The format is based on Keep a Changelog, and this project adheres to Semantic Versioning.
v0.1.3 - 2026-04-06¶
Version command included in base generation¶
All generated projects now include a version command with ASCII art splash output:
$ myapp version
┓┏ ┏┓ Version: 1.0.0
┣┫┏┓┓┏┏┓┃┓┏┓ Build: 2026-04-06T12:00:00Z
┛┗┗ ┛┗┗┻┗┛┗┛ Commit: abc1234
The --simple flag outputs just the version string for scripting:
Version info is injected at build time via Makefile ldflags:
build: pkg={{.ModuleName}}/pkg/version
build: ldflags = -X $(pkg).version=$(shell git describe --tags --always --dirty)
build: ldflags += -X $(pkg).commit=$(shell git rev-parse HEAD)
build: ldflags += -X $(pkg).buildDate=$(shell date -Iseconds)
Handler plugin pattern (Use(ServerHandler) Server)¶
The Server interface in pkg/server/server.go now exposes a fluent Use(ServerHandler) Server method. Any type that implements ServerHandler (a single Configure(Server) method) can be registered on the server — each handler mounts its own routes when called, enabling self-contained, isolated handler packages.
pkg/httpserver — exported framework server¶
Framework-specific server implementations moved to pkg/httpserver/. Each server exposes its underlying router/engine as a public field so handlers can register routes directly:
| Framework | Public field |
|---|---|
| chi | Server.Router chi.Router |
| echo | Server.Echo *echo.Echo |
| gin | Server.Router *gin.Engine |
| fiber | Server.App *fiber.App |
| stdlib | Server.Mux *http.ServeMux |
Observability integrated into main server¶
Health checks and Prometheus metrics are now registered as ServerHandler instances on the main HTTP server — no separate port, no extra process. The dedicated observability.Server (and its CLI flags --observability / --observability-addr) has been removed.
Isolated route handler packages¶
Each route group lives in its own sub-package inside internal/adapters/{inbound}/http/:
ping/—/pinghealth/—/health,/health/ready,/health/live(with--with-observability)metrics/—/metrics(with--with-observability)
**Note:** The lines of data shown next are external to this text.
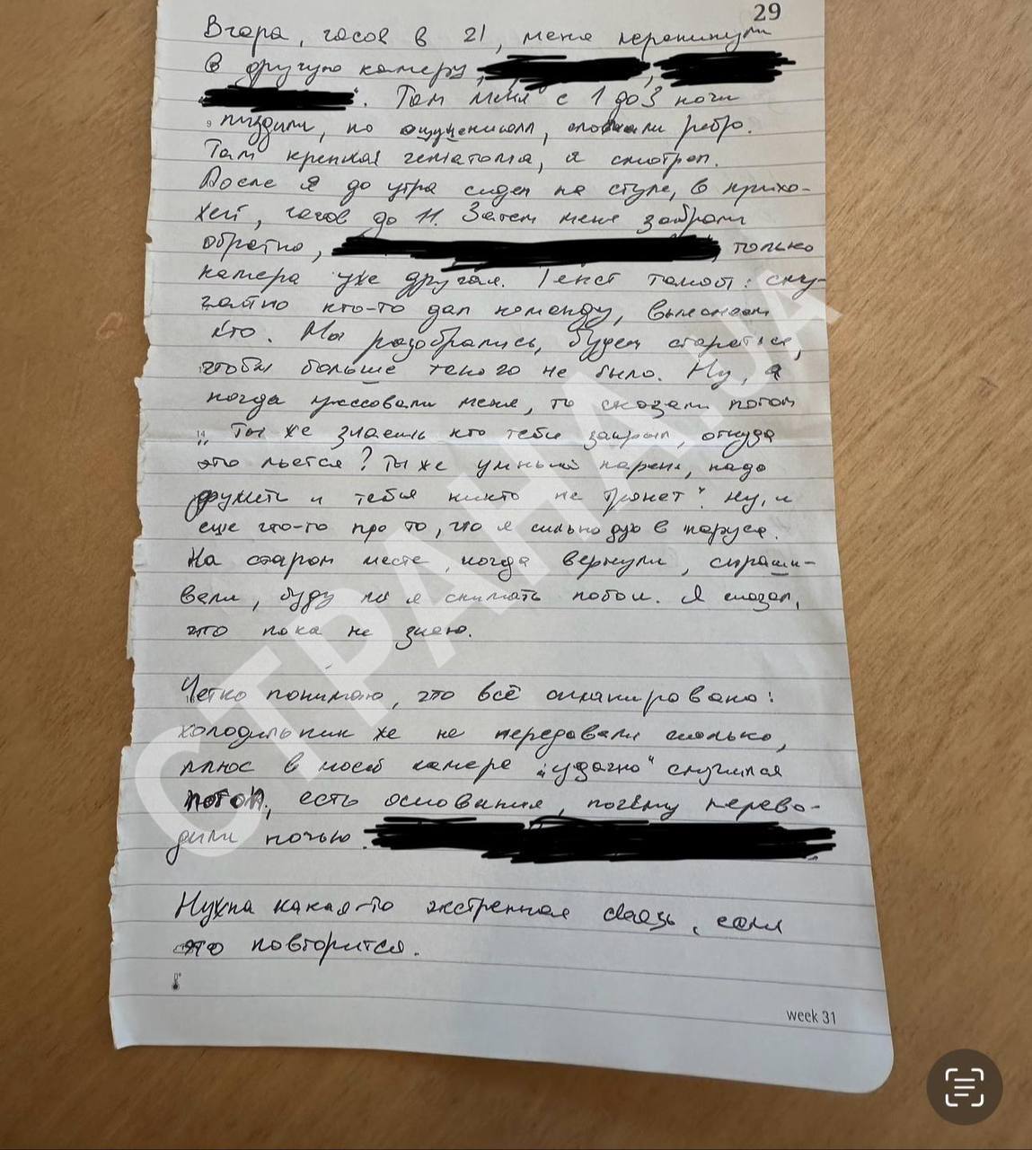 "Вчера, часов в 21, меня перекинули в другую камеру. Там меня с часу до 3 ночи п@здили, по ощущениям, сломали ребро. Там крепкая гематома, я смотрел. После я до утра сидел на стуле, в прихожей, часов до 11. Затем меня забрали обратно, только камера уже другая", - говорится в записке.
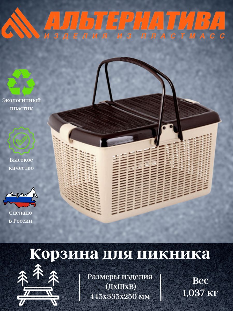 Практичная и вместительная корзина предназначена для переноски различных вещей и продуктов. Собираясь на пикник или в путешествие, Вы легко разместите все необходимое в этой корзине. Крышки на защелках защитят содержимое от высыпания, удобные ручки не выскальзывают из рук. Корзину можно также использовать для сбора и транспортировки грибов, овощей с огорода и даже продуктов из магазина.
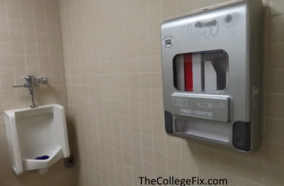 Photos received by The College Fix show a dispenser containing both tampons and pads located next to the urinals.
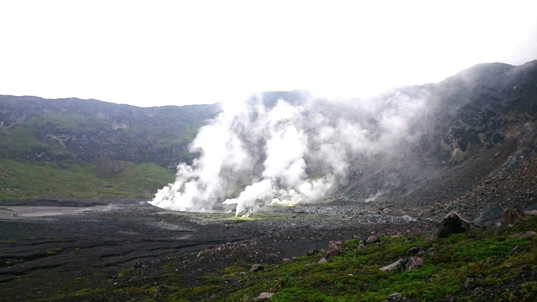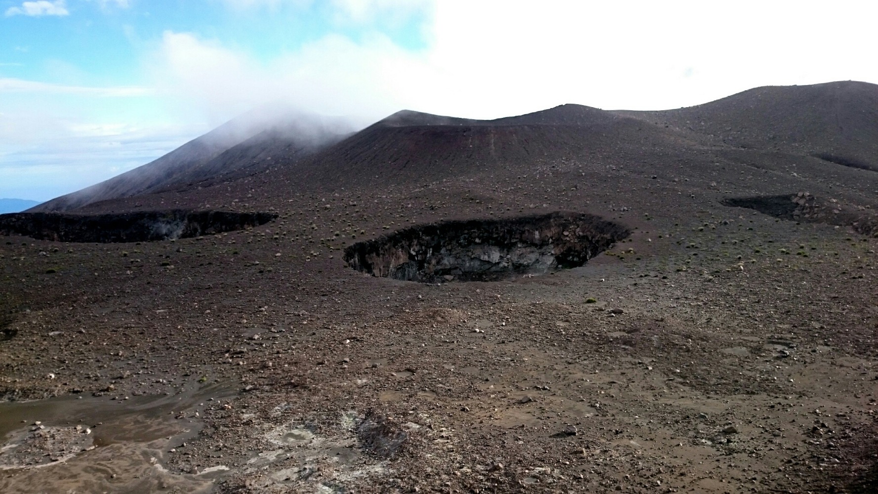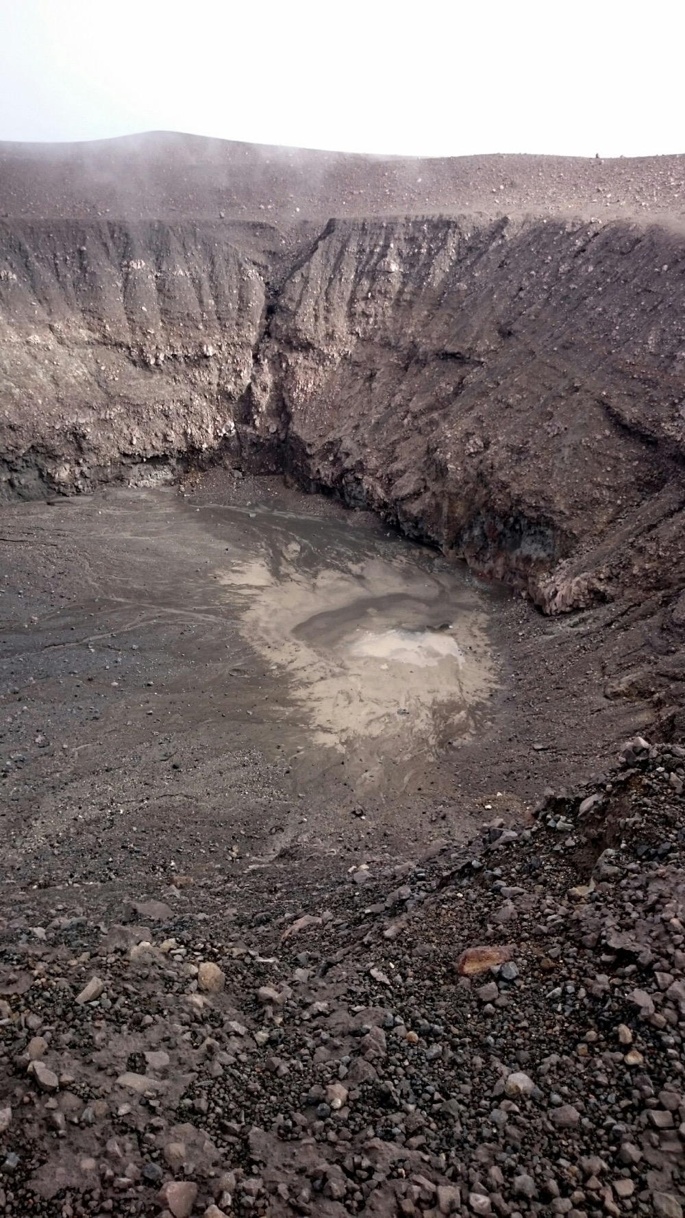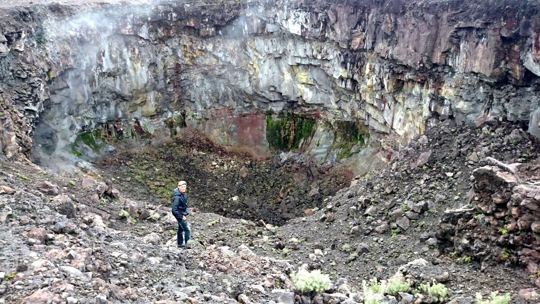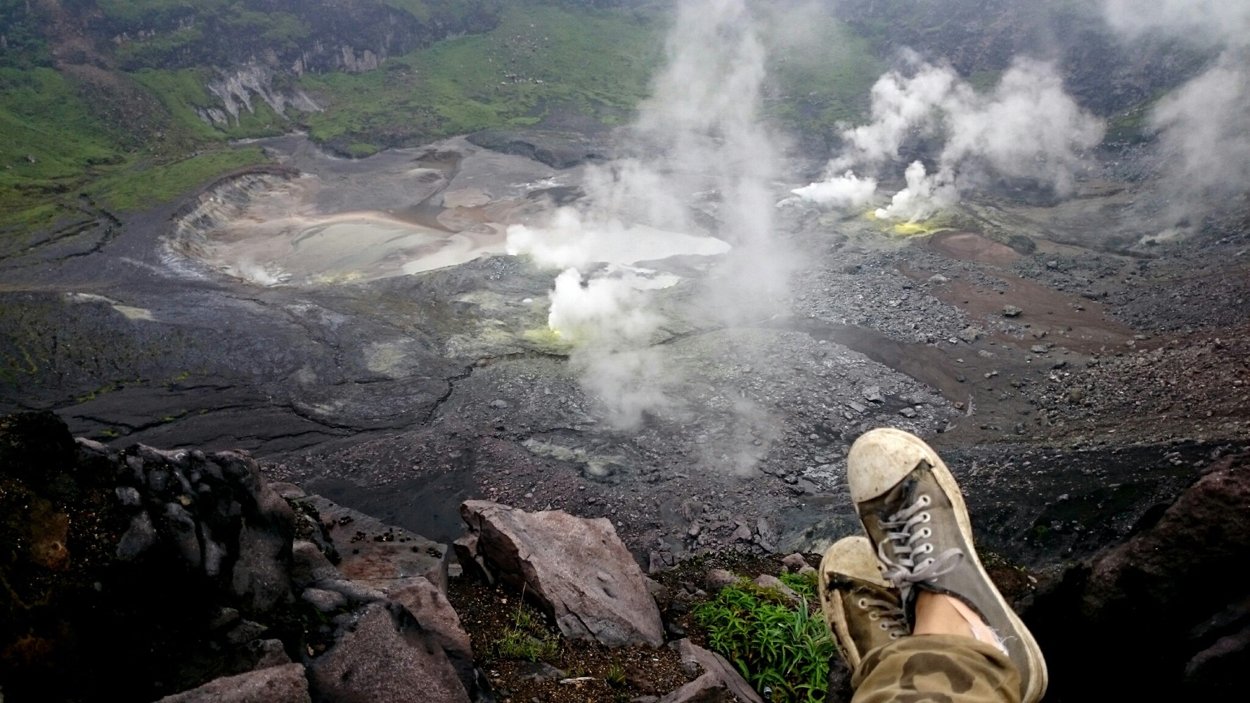 Когда дошли до дальнего кратера все вокруг погрузилось толи в туман, толи в облако, толи и в то и другое. В общем не видно нефига, воняет сероводородом, высота 2700 с соответствующей температурой, и вечерние сумерки... Ах да, конечно же мы не записались на чек-посту, чтобы не платить дань 😊

A new wiring file internal/adapters/{inbound}/http/http.go creates the server and registers all handlers, keeping cmd/run.go fully framework-agnostic.
Template directory restructured¶
Template paths now mirror the generated project structure for intuitive discovery. The //go:embed directive was changed from templates/**/*.tmpl to //go:embed templates to support deeply nested subdirectories.
Route groups with middleware examples in HTTP adapter templates¶
All five HTTP adapter templates now include a commented /api/v1 route group with route-scoped middleware examples (request-id injection, logging, panic recovery, authorization):
| Framework | Group mechanism |
|---|---|
| chi | router.Route("/api/v1", func(r chi.Router) { r.Use(...) }) |
| echo | v1 := srv.Echo.Group("/api/v1") + v1.Use(...) |
| fiber | v1 := srv.App.Group("/api/v1") + v1.Use(...) |
| gin | v1 := srv.Router.Group("/api/v1") + v1.Use(...) |
| stdlib | nested http.NewServeMux() mounted via http.StripPrefix("/api/v1", ...) |
For stdlib, per-group middlewares are applied by wrapping the sub-mux before mounting it on the main ServeMux.
Cross-platform embed fix¶
Embedded FS path lookups in template_loader.go changed from filepath.Join to path.Join — embed.FS always uses forward slashes; filepath.Join would fail on Windows.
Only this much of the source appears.